I'm British, married to a Spaniard. The way my parents were able to keep mentally active after retirement - including being part of U3A - is in stark contrast to the way my parents-in-law have been casting around for things to do after retirement in Spain. My wife thinks that so much of society had been controlled by the Catholic church until Franco's death in 1975 that it's taking a while to catch up with more secular things like this. My mother-in-law would like to work with children, but the vast majority of social services involving children also involves the church, which she wants no part of. Of course they could start something like a local U3A branch themselves, but not everyone's that kind of person.

My in-laws are Chinese, and after they retired they (particularly my mother-in-law) began attending their local 老年大学 ("senior university"). It's a terrific idea--I know that some seniors audit classes at community colleges and universities in the US, but it's an idea I'd love to see spread more here.

Thanks for posting an upvoting this. I sent an enquiry to the local group when I read this, and they just called back. She’s signed up for a French Conversation course and is very excited about it.

Who's 'she'?

Opps, edit screwup. My mother.

Where I leave the local chess club is actually affiliated to U3A. Participation to both lectures and tournaments is tied to an U3A membership and the meetings are held in their classrooms, and it attracts both expert players and retired people looking for a new hobby.

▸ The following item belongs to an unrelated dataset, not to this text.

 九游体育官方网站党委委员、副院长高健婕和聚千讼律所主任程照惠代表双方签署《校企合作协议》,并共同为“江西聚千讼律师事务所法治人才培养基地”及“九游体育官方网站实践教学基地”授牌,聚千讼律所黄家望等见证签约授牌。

Its kinda weird living in the US where people can't afford to go to university and/or get saddled with huge loans. I do believe free university is a great goal, but free university is mostly to help people start their career or gain life skills, not for retirees to do something interesting.

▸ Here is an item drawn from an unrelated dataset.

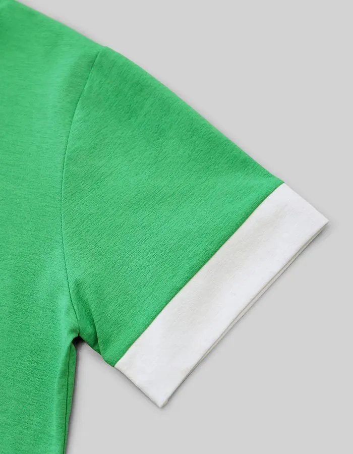 ✔ 撞色領口+袖口|清爽俐落,修飾臉型+手臂線條
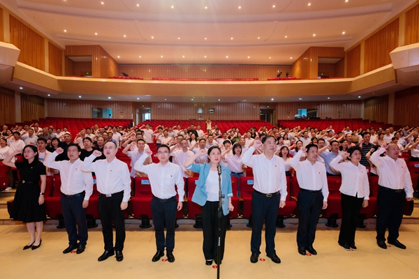 面向鮮紅的黨旗,校黨委書記許慧霞帶領(lǐng)師生黨員重溫入黨誓詞。

At least in the UK, the U3A isn't a university per se - it's an affiliation of voluntary organisations, run locally and funded by member subscriptions. Unlike a bunch of teenagers, retired people have a lifetime of knowledge and experience behind them; a large proportion of retirees are perfectly capable of teaching a class or leading a discussion group.

It's also worth pointing out that the US has many excellent community colleges, offering academic and vocational education at reasonable tuition fees. If you're a retiree and don't care about the signalling value of a credential, a community college is an excellent place to pursue your education.

Highly disagree; education for sake of education is highly desirable. Education for sake of getting a career leads you to the exact broken system that is in the US.

But however, there is evidence that activists can help dementia and Alzimers. https://alz.org/help-support/i-have-alz/live-well

My aunt (about 65) recently retired and she kept being active: she goes to yoga classes, hydrogymnastics, classes where they do memory exercises/games, and she helps my cousin with his car-rental business.

This is awesome, but part of it is enabled by her being relatively high class. These kinds of things should be sponsored by the government because they keep people healthy.

I remember reading somewhere that mortality risk increases considerably after retirement, plausibly because people become more sedentary.

PS I'm in Portugal if you're wondering. Here they call it Senior University - a bit better than Third Age if you ask me.

There's also a correlation/causality question -- perhaps mortality causes retirement -- people work until they can't work, and they can live bit longer because living is a bit easier than working.